The last but not least step in the text preprocessing stage is strict filtering developed to remove unnecessary words and meaningless combinations of symbols. If at least one of n-gram tokens is labeled by the strict filtering tag (“rubbish”: “true”) then such n-gram is not considered a term-like phrase. At this stage, certain character sequences as described by the filtering rules (Table 2) and not exempt by the list of exceptions (Table 3) are looked for. They are successive digits, special symbols, measurement units, symbols of chemical elements, brackets and so on. Custom regular expressions and standard dictionaries described in Table 1 are used for this procedure. A general scheme of strict filtering parsing is illustrated in Fig. 4.
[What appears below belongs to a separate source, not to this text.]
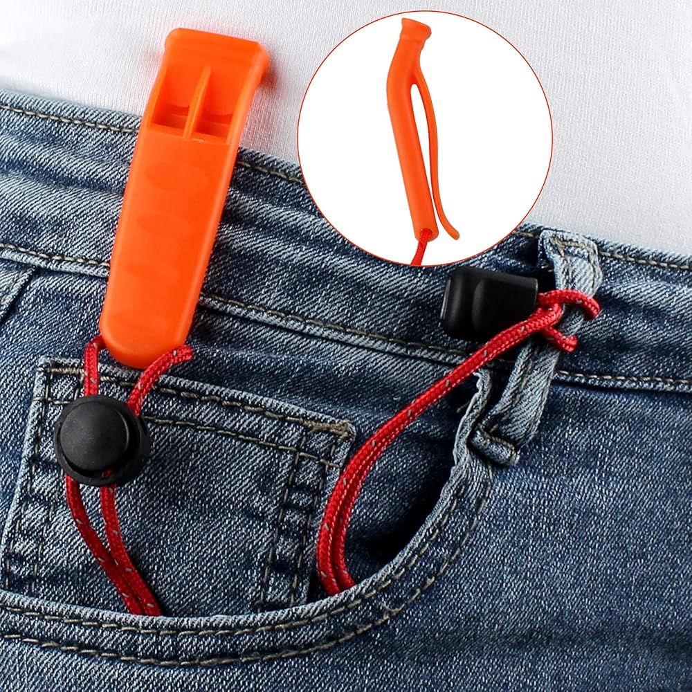 صفارات طوارئ عالية الصوت: تستخدم صافرة الطوارئ هذه ذات الحبل غرف صوت مزدوجة يمكن أن توفر ما يصل إلى 120 ديسيبل قوة صوت، بما يكفي لسماعها على بعد ميل. يمكن أن يسمح للآخرين بتأكيد موقعك بسرعة ويجعلك تحصل على الإنقاذ بسرعة. تعمل بشكل رائع كصافرة إشارة.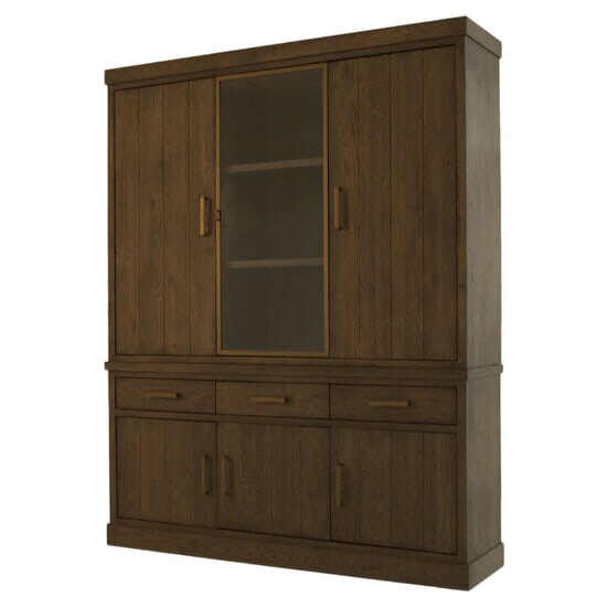 Vervaardigd uit kwalitatief hoogwaardig hout en afgewerkt in een rijke, warme tint, ademt deze kast een gevoel van verfijnde luxe. De subtiel verticale houtnerven versterken het natuurlijke en stijlvolle uiterlijk, terwijl de stevige messingkleurige handgrepen en de elegante omlijsting rond de glazen schuifdeuren zorgen voor een moderne, luxueuze uitstraling.

Table 2 Rules for strict filtering procedure

Full size table

Table 3 Exceptions for strict filtering procedure

Full size table

The following examples may be given to illustrate the decision making process of defining a token as “valid” or “rubbish” (Fig. 5).

Summary of preprocessing stage

The final result of the text preprocessing stage is the marked and structured text with tagged tokens. These tags are used then by various rules for term-like phrase selection. As there is no need for all the tags from OSCAR4 and Penn Treebank Tag Set, only a few of them are used in term-like phrases retrieval procedure. The consolidated list of all tags is used, which may be assigned to tokens at different steps of the text preprocessing stage, as specified in the Table 4.

Table 4 The consolidated list of all tags assigned to tokens at different steps of the text preprocessing stage

Full size table

As an illustration of tag assignment the following example may be given. Figure 6 shows an example sentence where a few tokens have been tagged. For instance, there are the following different tags used in the example for token «2.7 %CO/10.0 %H2O/He» – (pos = “CD”; lemma = “2.7 %CO/10.0 %H₂O/He”; oscar = “CM”; rubbish = “false”, exception = “comp”). Every token has at least two tags—«pos» (it holds the part-of-speech information) and «lemma» (it corresponds to the lemma of a token). In addition some tokens related to chemistry (indicating chemical substances, formulas, reactions and etc.) have a tag «oscar» taking the values of “CM” or “ONT”. Last but not least is the tag «rubbish» (“true” or “false”) marking tokens for which strict filtering is to be applied.

N-grams spectrum retrieval procedure

As it is defined earlier within our study, the term «n-gram at length n» connotes a sequence or string of n consecutive tokens situated within the same sentence with omission of useless tokens (at the moment only definite/indefinite articles). N-gram set is obtained by moving a window of n tokens length through an entire sentence. This moving is performed token by token. This process is to be repeated for all sentences for a set of all texts: $T = \left\{ {T_{1} , T_{2} , \ldots , T_{m} } \right\}$.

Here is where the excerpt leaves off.